Como fuera que, al decir aquella frase, Nadia miraba a Pete, éste contestó con premura:
—«Mi chiamo» Pete Hollister.
Y todos rieron alegremente. Llevaban un rato practicando, cuando la señora Hollister les llamó desde el embarcadero y Pete remó hacia allí.
—Pam —dijo la madre—, tenemos que hablar sobre tus vestidos. Estoy segura de que tus amigas nos disculparán.

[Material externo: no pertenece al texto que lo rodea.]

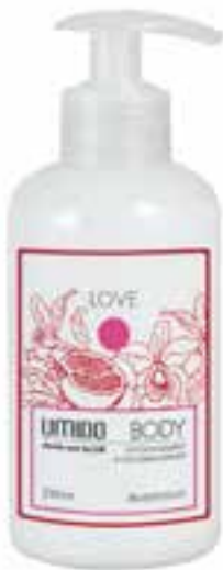
IU-NP-BLS-010 LOVE Bodylotion mit Granatapfel- & Orchideen-Extrakt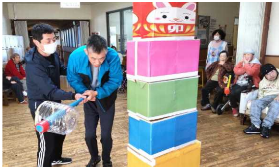
だるま落としゲーム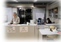
インフォメーションホール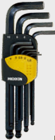
Sada zástrčných kľúčov 6-hran; 9-dielna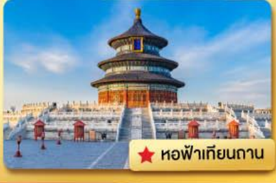
★ หอฟ้าเทียนถาน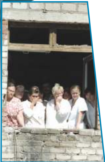
Заложники городской больницы г. Будённовска. 1995 г.

Пример: многолетняя деятельность Ирландской республиканской армии, целью которой являлось отколоть Северную Ирландию от Великобритании.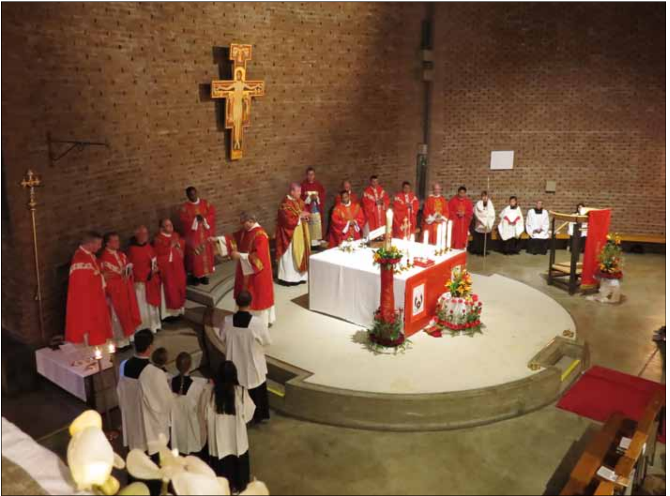
Feierlicher Gottesdienst zum 50-jährigen Bestehen der St.-Hallvard-Kirche. Der Bau ist eine architektonische Besonderheit und steht bereits unter Denkmalschutz.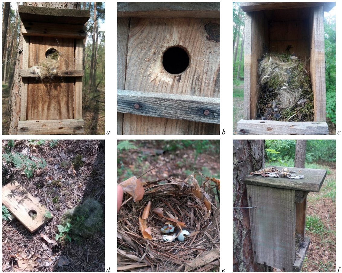
Рис. 1. Наслідки хижацтва Martes martes : a — загальний вигляд ШГ, у якій зруйноване гніздо Parus major , b — сліди кігтів на передній стінці ШГ, c — розірвані частини гнізда у ШГ, d — зруйноване гніздо з виломаною передньою стінкою ШГ, e — розбиті яйця птахів, f — фрагменти пір'я та кістки птаха.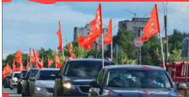
2020. Автопробег левопатриотических сил «За справедливую народную власть!» в городе Иваново.

Все зависит от продуманной, целенаправленной работы Бюро, Комитетов местных отделений и, в первую очередь, настойчивости секретарей партийных организаций.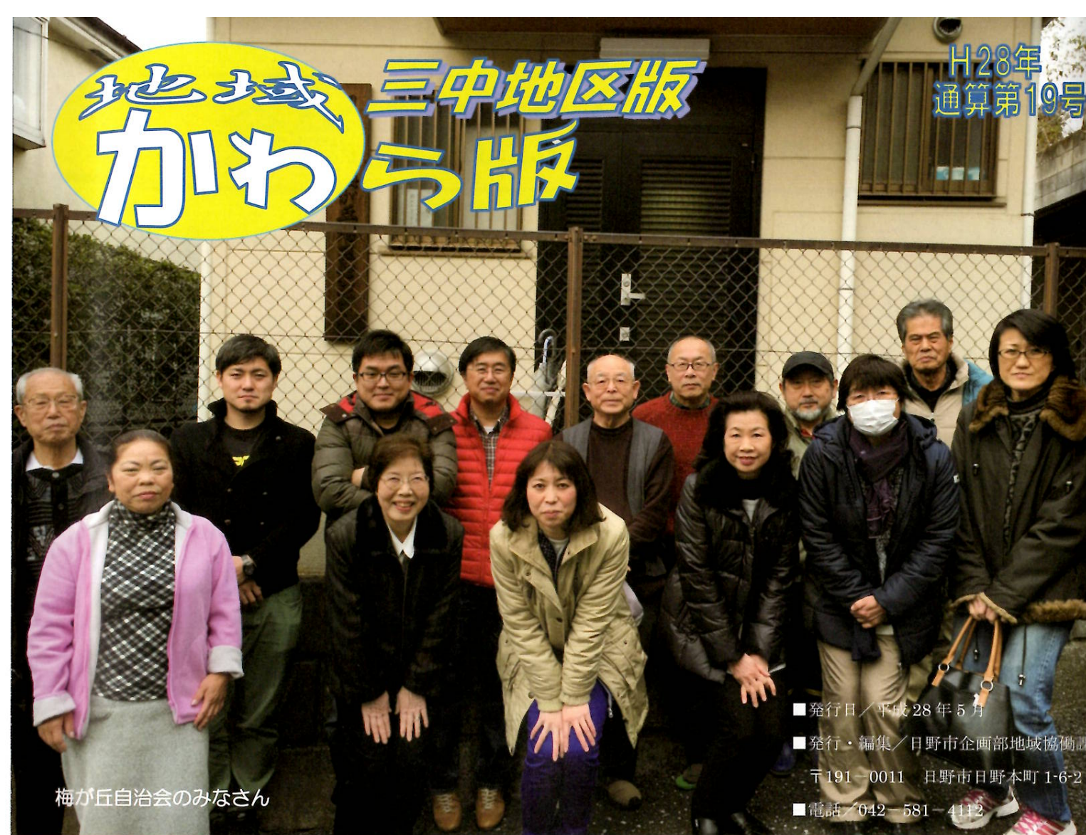
梅が丘自治会のみなさん

■ 問合せ先 電話：042-585-1111（代表） 日野市 総務部 防災安全課 内線7745・7746 健康福祉部 高齢福祉課 内線2422・2423 健康福祉部 障害福祉課 内線2321・2322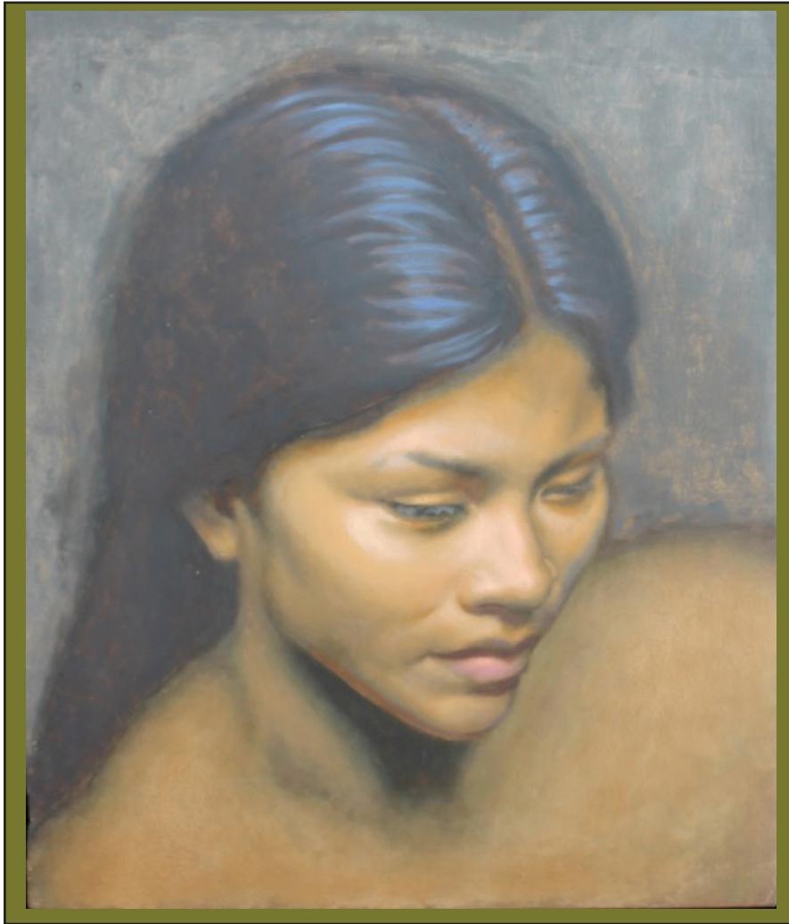
Borita. Óleo sobre madera 36 X 40 cm. David Hewson (EEUU, 1966) www.davidhewsonart.com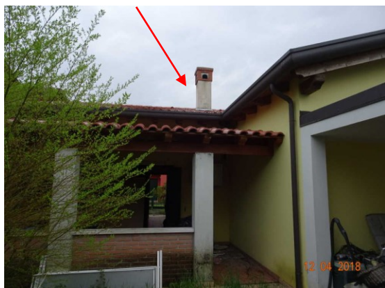
Vista esterna della torretta da sanare

—Sí, señora Hollister —contestó Nadia, sonriendo.
—«Ciao» —dijo Pam, también sonriente.
Y sus amigas respondieron con la misma palabra.

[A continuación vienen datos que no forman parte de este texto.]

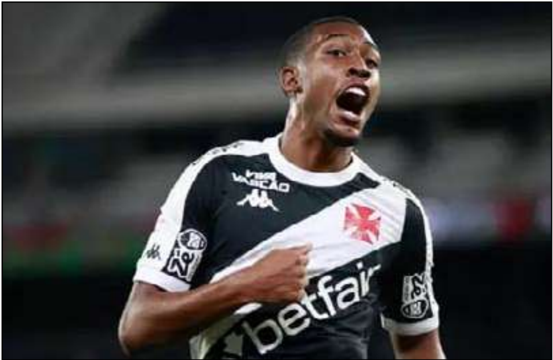
Expectativa é algo em torno de 50 milhões de euros

desde a base. Com a saída de Endrick por empréstimo para o Lyon, da França, em janeiro, o clube espanhol busca um novo nome para o lugar. Existe dúvida também quanto ao futuro do camisa 9, enquanto o atacante do Vasco já é visto pronto para atuar. Internamente, há a expectativa que o Real Madrid ofereça algo em torno de 50 milhões de euros (R$ 318,4 milhões) por Rayan. O clube espanhol acredita no seu potencial para o futuro e que ele terá capacidade para se adaptar rapidamente ao futebol europeu, diferentemente de Endrick. O Real Madrid não é o único interessado em Rayan, mas parece ser o favorito na disputa. Além do gigante espanhol, outros clubes monitoram o jogador do Vasco, entre eles o Arsenal e Chelsea, da Inglaterra, o Barcelona, também da Espanha, e a Inter de Milão, da Itália. Na atual temporada, Rayan marcou 20 gols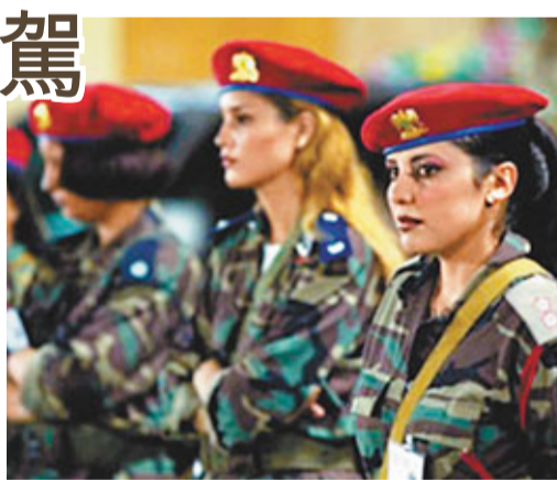
■卡扎菲的美女保鏢。

卡扎菲喜歡稱自己為「女性解放者」，在他擔任領袖期間，女性地位得以提高，而其轄下的衛隊，也清一色由女兵組成。這些女兵全部自軍事學院畢業，受過嚴格軍事訓練，個個身手高強，射擊技術精湛，最重要是對卡扎菲忠心不二，不惜以死來護主。2009年當卡扎菲訪問意大利時，便帶同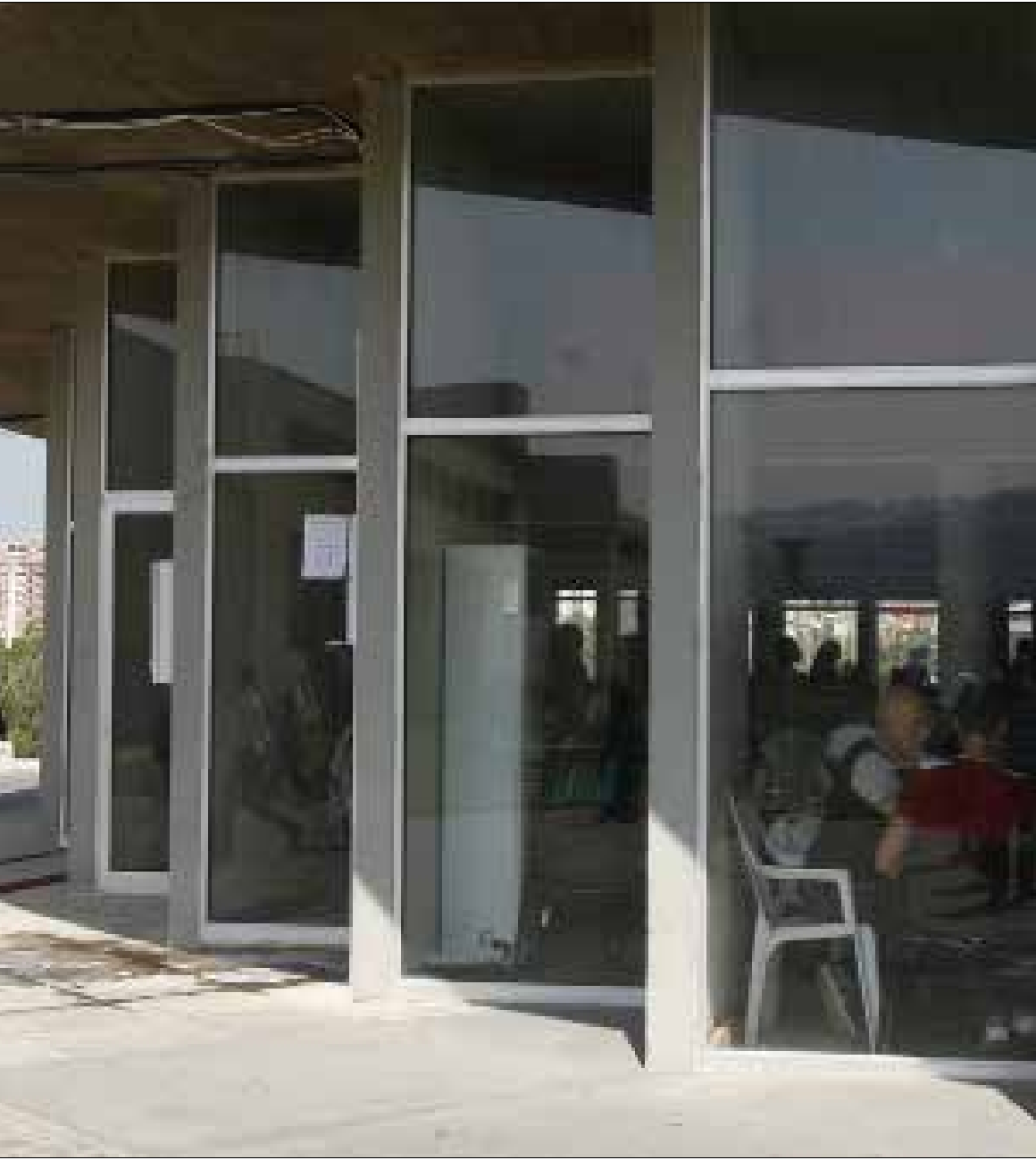
إدارة الجامعة تقول إنها هي التي طلبت من الشركة وقف عملها نتيجة تخلفها عن الدفع

على غرار ما تؤمنه جامعات عريقة أخرى، وهذه المساحة، وفق الخطيب هي التي «كانت تسمح لنا باللقاء بزملائنا داخل الصف، لنكمل ما بدأناه من أحاديث وحوارات بيننا». يذكر أن المكتبة هي المساحة الأخيرة التي تجمع الطلاب خارج الحرم، وهي مخصصة حصراً للدراسة، ولا يمكنها أن تجمع مجموعة من الطلاب لغير ذلك.

—Esto me recuerda que estoy hambriento —dijo Pete.
—La comida estará dentro de una hora, hijo.
A la hora prometida la madre sirvió bocadillos de queso fundido, leche y pastel de chocolate. Apenas habían acabado los niños de comer, cuando se detuvieron ante la casa los Hunter, Nadia y su madre. La señora Hollister y sus hijos se acercaron al coche para saludarles.
—Hemos venido a decirles «arrivederci» —dijo la señora Boschi—. Nos ha emocionado saber que Pete y Pam van a ir a Italia.

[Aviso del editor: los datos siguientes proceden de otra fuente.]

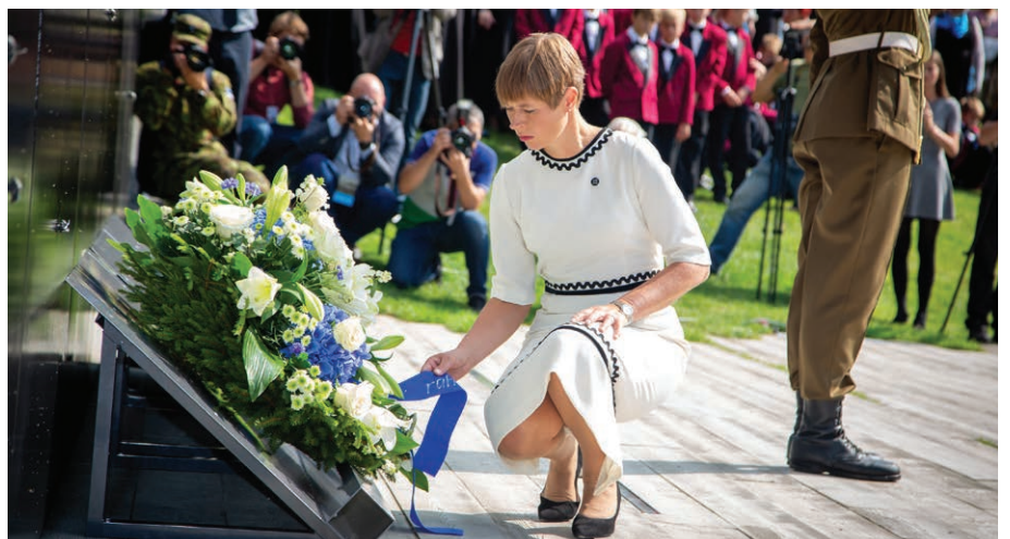
Vabariigi president Kersti Kaljulaid asetab pärja kommunismiohvritele. Kersti Kaljulaid, the President of the Republic of Estonia, lays a wreath for the victims of communism.

Kersti Kaljulaid, President of the Republic of Estonia.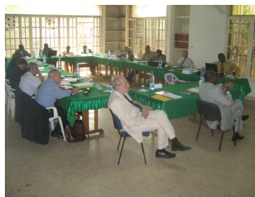
1. Vue de la salle du CP de janv10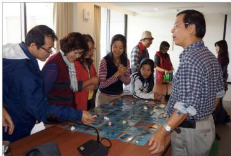
圖：參與者積極的在比對抽到的貝殼以及貝殼圖卡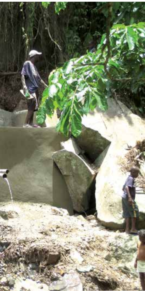
Protection d'une source d'eau en Haïti.

avec ANARUZ dont la définition est "la terre, les hommes, la langue". Le partenariat avec la Fondation ARTELIA consiste en un bénévolat de compétences. Nous amenons notre expérience, notre savoir-faire et notre expertise au bénéfice d'une action ou d'un projet qui rejoint les objectifs et l'état d'esprit de la Fondation ARTELIA. C'est un vrai bénévolat car les missions sont réalisées sur nos temps de congés ; la Fondation prend en charge les voyages, le matériel utile à la mission (comme une tablette tactile GPS, pour la mission avec ANARUZ). Ce partenariat a pu se dérouler dans des conditions optimales au vu de l'implication des différents acteurs et des liens de confiance qui ont pu être tissés."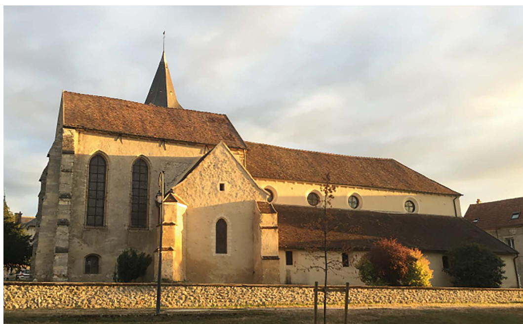
Eglise Saint-Rémi de Montévrain

Eglise Saint-Rémi de Montévrain, Seine-et-Marne (77) : dotation de 300 000 €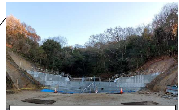
工事完了（令和3年1月15日）

設計：株式会社オリエンタルコンサルタンツ 施工：宮川興業株式会社 発注：西部建設事務所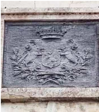
Le plus ancien (école)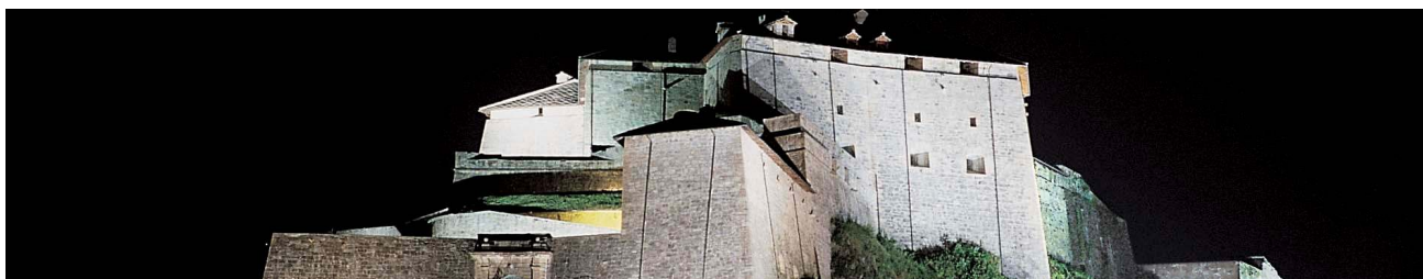
Castello di Exilles

Prima colazione e ritrovo nella hall dell'albergo con la guida ed inizio tour dei principali castelli e fortezze del Torinese con auto privata o con minivan. Verranno visitati in ordine: la Fortezza di Fenestrelle, complesso fortificato del XVIII sec., che si inerpica sulle montagna, denominato anche "la grande muraglia del Piemonte". Pranzo in valle e proseguimento per la visita del Forte di Exilles, uno dei più importanti sistemi difensivi del Piemonte risalente al VII sec., il Castello di Rivoli, costruito nel X sec e riconvertito in Museo di arte contemporanea fra i più interessanti d'Italia. Rientro in hotel a Torino, cena in ristorante in centro città e pernottamento.

—Ojalá pudiéramos ir todos los demás —repuso la señora Hollister.
—Si sus hijos pasan por Roma, no deben dejar de visitarnos —insistió la madre de Nadia.
—Te hemos traído una cosa —dijo Nadia a Pam, abriendo su bolsito. De él sacó una minúscula cabeza de polichinela—. El tío Giovanni hizo varias. Él siempre llevaba una, como amuleto de la suerte. Es igual que los polichinelas que hacía en tamaño corriente. Se reconoce por esto.
Nadia señalaba un lunar chiquitín, pintado en un lado de la nariz del polichinela.
—¿Puedo quedarme con él? —preguntó Pam.
—Claro. Es tuyo, Y hay algo más —dijo la niña italiana, dando a Pam una pequeña fotografía de su tío-abuelo.
—Pues es muy guapo —afirmó Pam, mirando la foto.
Giovanni Boschi era un hombre de aspecto aristocrático. Tenía la nariz recta, los ojos oscuros y profundos, el cabello blanco y abundante y un blanco bigotillo de guías.
—¡Zambomba! —exclamó Pete—. Yo le reconocería ya en cualquier parte.
—«Grazie» —dijo Pam, inclinándose a dar un beso a Nadia.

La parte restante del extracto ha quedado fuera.